Data excerpts.
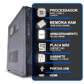 MODELO: GABINETE PRETO ATX | INTEL CORE I7 2 GERAÇÃO
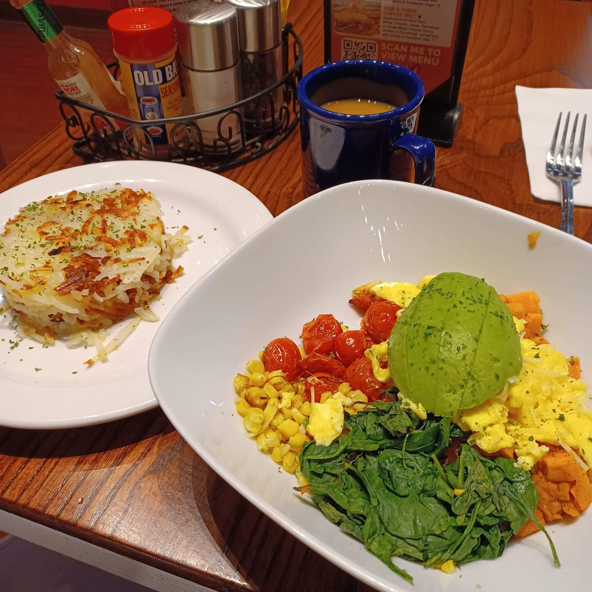ボルチモア・ブレックファスト・ボウルはベジタブルメニュー(※追加料金でソーセージの追加可能)ですが、グリルしたトマトやスイートコーン、スイートポテト、ホウレンソウ、玉ねぎのソテーなどが盛りだくさんに入っておりました。朝食メニューと言っても一皿ずつとてもボリュームがあります。ハッシュポテトはちょっと添えられている程度のものかと思っていたら、ハンバーグ大の大きさで来てびっくりしました。
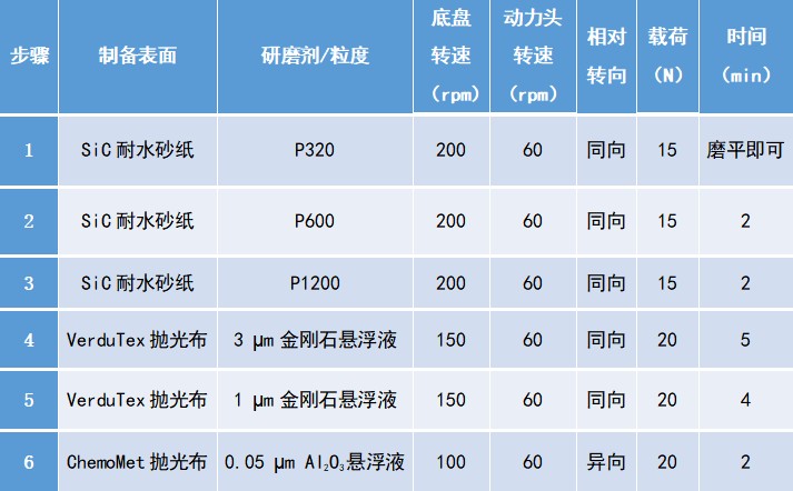 研磨与抛光采用标乐的手自一体磨抛机EcoMet 30的半自动模式。参数如下表所示。
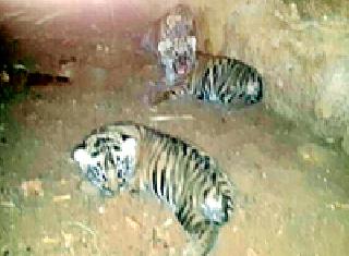 ७२ तासांपासून पिल्लांसह रस्त्यालगतच ठाणतळोधी (बा.) : वन विकास महामंडळ वनपरिक्षेत्राच्या कक्ष क्रमांक ७३ येथील सावंगी फाट्याजवळील तळोधी-बाळापूर रस्त्यावरील नाल्यात पट्टेदार वाघीण आपल्या तीन बछड्यांसहीत ७२ तासांपासून बसून आहे. त्या वाघिणीला पकडण्याचे वन विभागाकडून प्रयत्न सुरू असून गुरूवारी तिला पकडण्यासाठी रेडा ठेवण्यात आला. मात्र रेड्याला ठार मारल्यानंतरही वाघिणीला पकडण्यात यश आलेले नाही. गुरूवारी सायंकाळी पट्टेदार वाघिनीला पकडण्यासाठी वनविकास महामंडळातर्फे कक्ष क्र. ७३ असलेल्या जंगलात घटनास्थळापासून ५० मीटर अंतरावर रेडा ठेवण्यात आला. त्या रेड्यावर वाघिनेने हल्ला केला. मात्र रेड्याच्या ओरडण्यामुळे ती वाघिन पुन्हा बछड्यांकडे परतली. परिसरात वनविकास महामंडळातर्फे पानवटे तयार करण्यात आले असून ११ कॅमेरे सुद्धा लावण्यात आले आहेत. गेल्या तीन दिवसांपासून वाघिनीने पिल्लासह ठाण मांडून बसल्याने तळोधी रस्त्यावरची वाहतूक बंद करण्यात आली आहे. त्यामुळे या मार्गाने जाणाऱ्या दुचाकी, चारचाकी, लग्न वऱ्हाड्यांना सावंगी मार्ग तळोधी (बा.) ला जावे लागत आहे. गेल्या तीन दिवसांपासून वाघिनीला पकडण्याचे प्रयत्न सुरू असून नागरिकांमध्ये भितीचे वातावरण आहे. त्यामुळे वाघिनीला पकडण्यासाठी पिंजरे लावण्यात यावे, अशी मागणी होत आहे. वनविकास महामंडळाचे अधिकारी घटनास्थळावर नजर ठेवून आहेत. (वार्ताहर)
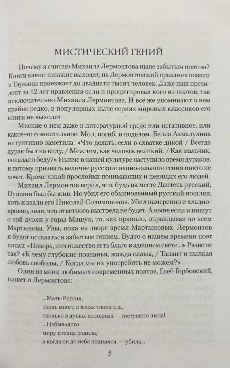 The author sharply opposes all mystifications and gossip about the poet. For him, Lermontov, with all his contradictions, despite all the complexity of his character, is, above all, the greatest national Russian genius, who recognized his tragic mission very early on.
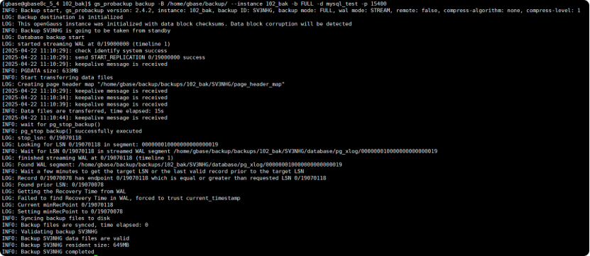 gs_basebackup -D /home/gbase/physical/back/ -p 15432参数:
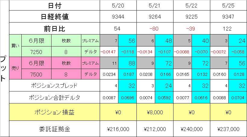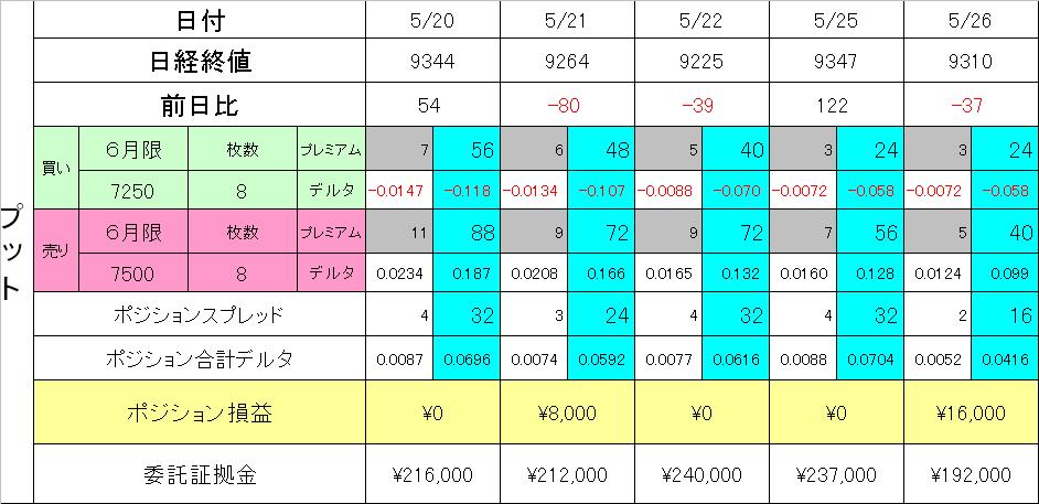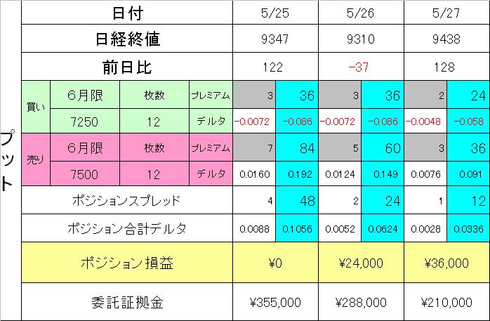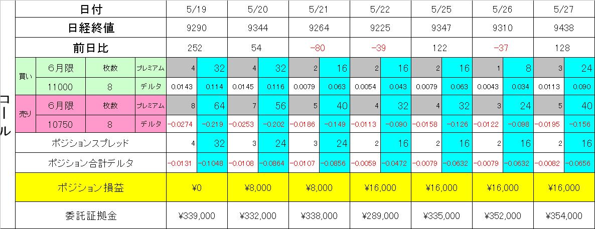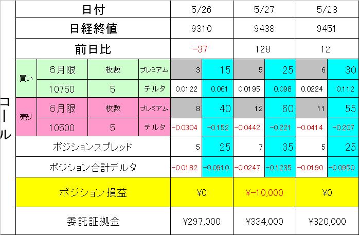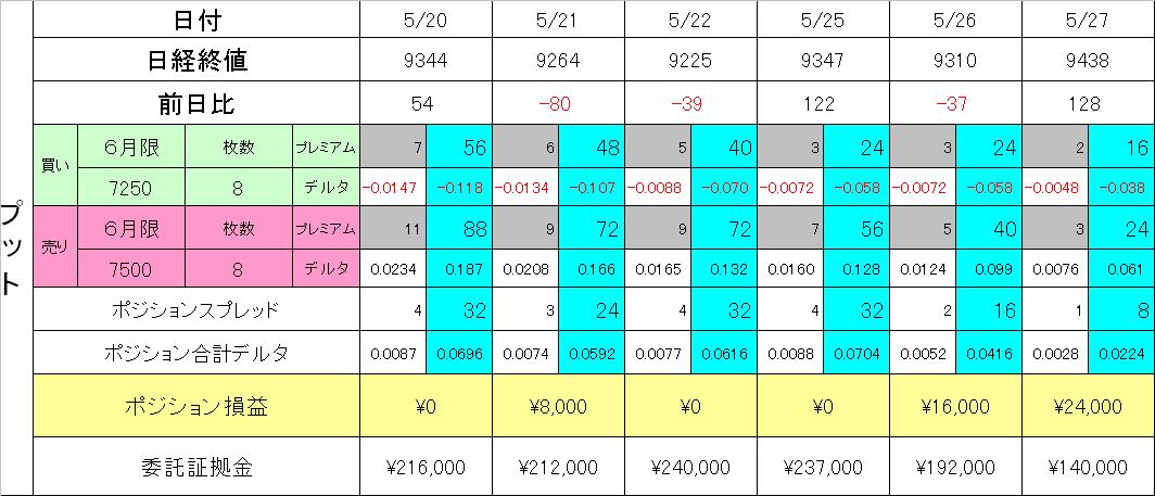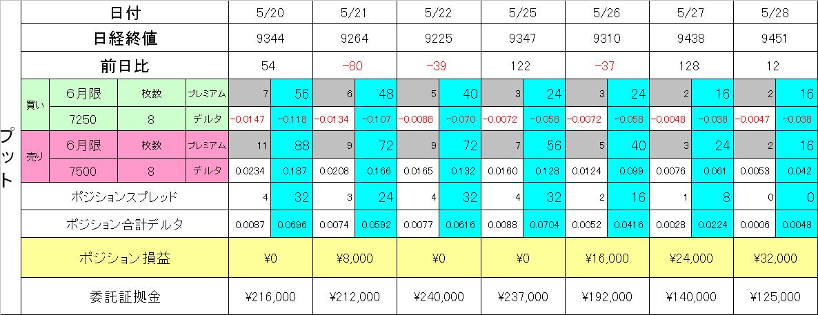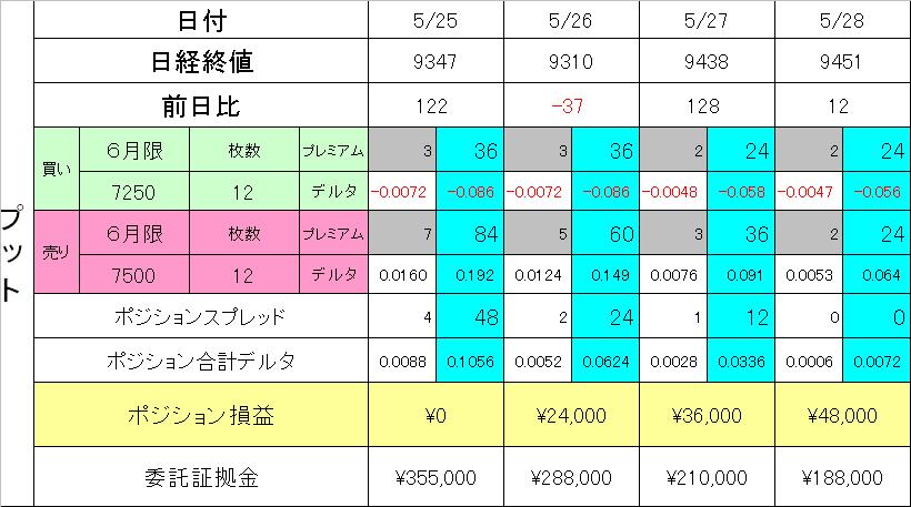 プットの利確とコール新規、そしてデルタ調整のプット新規と私にとっては教科書通りのトレードといったところです。
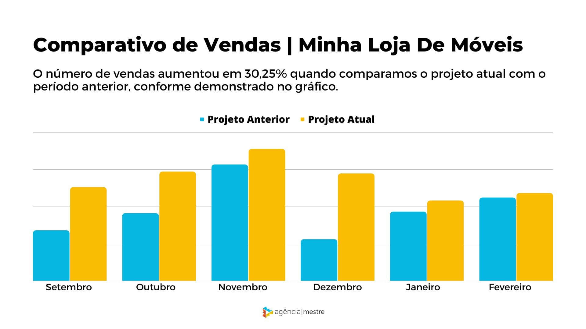 Nesse projeto, quando comparamos o período entre setembro de 2021 e março de 2022 (quando a Agência Mestre ainda não era parceira da Minha Lojas De Móveis), com setembro de 2022 e março de 2023, temos:
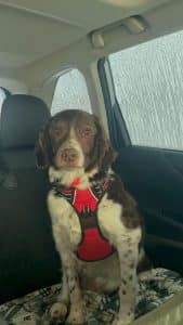 Matt’s arrival at his foster family was a non event. With his laid back personality, he fit right in to the foster home’s pack of three Britts and three Cavalier King Charles. He has wonderful social skills. However his favorite is foster Mom, making her wonder if he prefers human to canines. When company arrives our social butterfly is in the thick of it, soaking up any pet, snuggle or smooch coming his way. Matt also is a good errand buddy. He loves a good car ride.
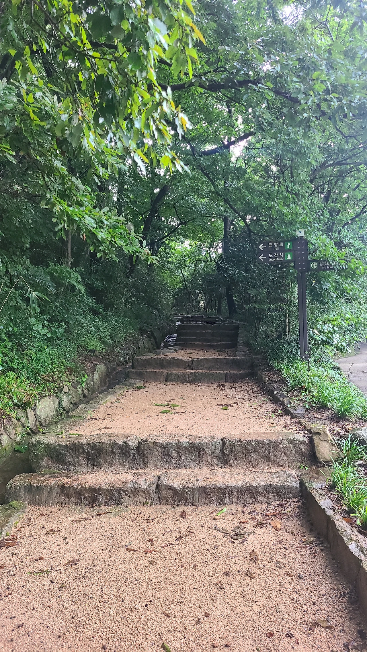 해탈문을 지나 녹음이 우거진 오솔길을 따라 내려가니 도갑사 탐방로라는 푯말이 보인다. 개울을 잇는 아치형 다리(옥룡교)와 폴짝폴짝 뛰고 싶은 징검다리, 그 너머 물빛으로 빛나는 수국 꽃밭! 보슬비 내리는 인적이 드문 이 길을 계속 걷고 싶었다. 우연히 들른 도갑사에서 이런 호사를 누리다니... 감사하다.
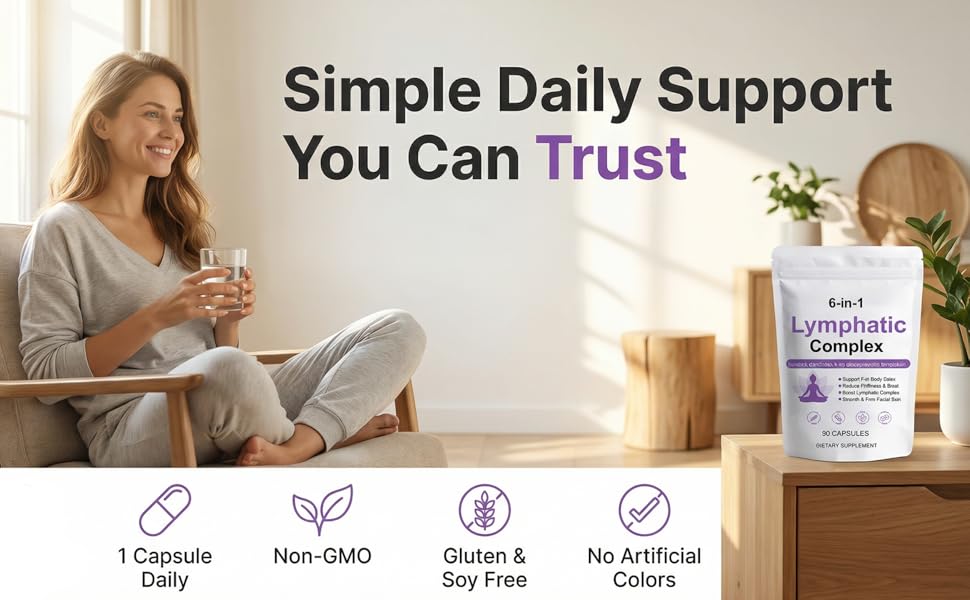【Gentle Daily Lymphatic Support】This 6 in 1 lymphatic complex is made with six traditionally used herbs to support everyday balance and make wellness routines simple and easy to maintain.
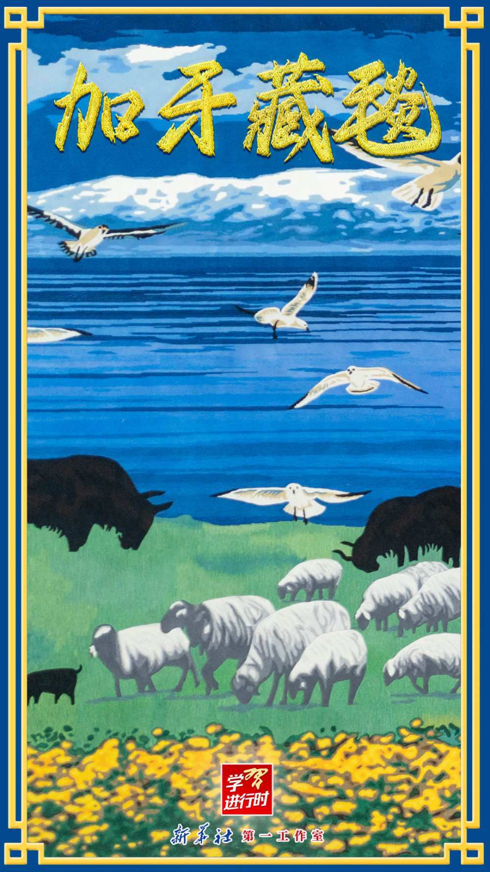 “真是琳瑯滿目?!绷?xí)近平總書記饒有興致走近察看,不時(shí)用手觸摸感受藏毯的質(zhì)地。

Task item.
I'd like every record transcribed exactly, with no pictures carried over.

Answer section.
 MODELO: GABINETE PRETO ATX | INTEL CORE I7 2 GERAÇÃO
ボルチモア・ブレックファスト・ボウルはベジタブルメニュー(※追加料金でソーセージの追加可能)ですが、グリルしたトマトやスイートコーン、スイートポテト、ホウレンソウ、玉ねぎのソテーなどが盛りだくさんに入っておりました。朝食メニューと言っても一皿ずつとてもボリュームがあります。ハッシュポテトはちょっと添えられている程度のものかと思っていたら、ハンバーグ大の大きさで来てびっくりしました。
 研磨与抛光采用标乐的手自一体磨抛机EcoMet 30的半自动模式。参数如下表所示。
 ७२ तासांपासून पिल्लांसह रस्त्यालगतच ठाणतळोधी (बा.) : वन विकास महामंडळ वनपरिक्षेत्राच्या कक्ष क्रमांक ७३ येथील सावंगी फाट्याजवळील तळोधी-बाळापूर रस्त्यावरील नाल्यात पट्टेदार वाघीण आपल्या तीन बछड्यांसहीत ७२ तासांपासून बसून आहे. त्या वाघिणीला पकडण्याचे वन विभागाकडून प्रयत्न सुरू असून गुरूवारी तिला पकडण्यासाठी रेडा ठेवण्यात आला. मात्र रेड्याला ठार मारल्यानंतरही वाघिणीला पकडण्यात यश आलेले नाही. गुरूवारी सायंकाळी पट्टेदार वाघिनीला पकडण्यासाठी वनविकास महामंडळातर्फे कक्ष क्र. ७३ असलेल्या जंगलात घटनास्थळापासून ५० मीटर अंतरावर रेडा ठेवण्यात आला. त्या रेड्यावर वाघिनेने हल्ला केला. मात्र रेड्याच्या ओरडण्यामुळे ती वाघिन पुन्हा बछड्यांकडे परतली. परिसरात वनविकास महामंडळातर्फे पानवटे तयार करण्यात आले असून ११ कॅमेरे सुद्धा लावण्यात आले आहेत. गेल्या तीन दिवसांपासून वाघिनीने पिल्लासह ठाण मांडून बसल्याने तळोधी रस्त्यावरची वाहतूक बंद करण्यात आली आहे. त्यामुळे या मार्गाने जाणाऱ्या दुचाकी, चारचाकी, लग्न वऱ्हाड्यांना सावंगी मार्ग तळोधी (बा.) ला जावे लागत आहे. गेल्या तीन दिवसांपासून वाघिनीला पकडण्याचे प्रयत्न सुरू असून नागरिकांमध्ये भितीचे वातावरण आहे. त्यामुळे वाघिनीला पकडण्यासाठी पिंजरे लावण्यात यावे, अशी मागणी होत आहे. वनविकास महामंडळाचे अधिकारी घटनास्थळावर नजर ठेवून आहेत. (वार्ताहर)
 The author sharply opposes all mystifications and gossip about the poet. For him, Lermontov, with all his contradictions, despite all the complexity of his character, is, above all, the greatest national Russian genius, who recognized his tragic mission very early on.
 gs_basebackup -D /home/gbase/physical/back/ -p 15432参数:
 プットの利確とコール新規、そしてデルタ調整のプット新規と私にとっては教科書通りのトレードといったところです。
 Nesse projeto, quando comparamos o período entre setembro de 2021 e março de 2022 (quando a Agência Mestre ainda não era parceira da Minha Lojas De Móveis), com setembro de 2022 e março de 2023, temos:
 Matt’s arrival at his foster family was a non event. With his laid back personality, he fit right in to the foster home’s pack of three Britts and three Cavalier King Charles. He has wonderful social skills. However his favorite is foster Mom, making her wonder if he prefers human to canines. When company arrives our social butterfly is in the thick of it, soaking up any pet, snuggle or smooch coming his way. Matt also is a good errand buddy. He loves a good car ride.
 해탈문을 지나 녹음이 우거진 오솔길을 따라 내려가니 도갑사 탐방로라는 푯말이 보인다. 개울을 잇는 아치형 다리(옥룡교)와 폴짝폴짝 뛰고 싶은 징검다리, 그 너머 물빛으로 빛나는 수국 꽃밭! 보슬비 내리는 인적이 드문 이 길을 계속 걷고 싶었다. 우연히 들른 도갑사에서 이런 호사를 누리다니... 감사하다.
【Gentle Daily Lymphatic Support】This 6 in 1 lymphatic complex is made with six traditionally used herbs to support everyday balance and make wellness routines simple and easy to maintain.
 “真是琳瑯滿目?!绷?xí)近平總書記饒有興致走近察看,不時(shí)用手觸摸感受藏毯的質(zhì)地。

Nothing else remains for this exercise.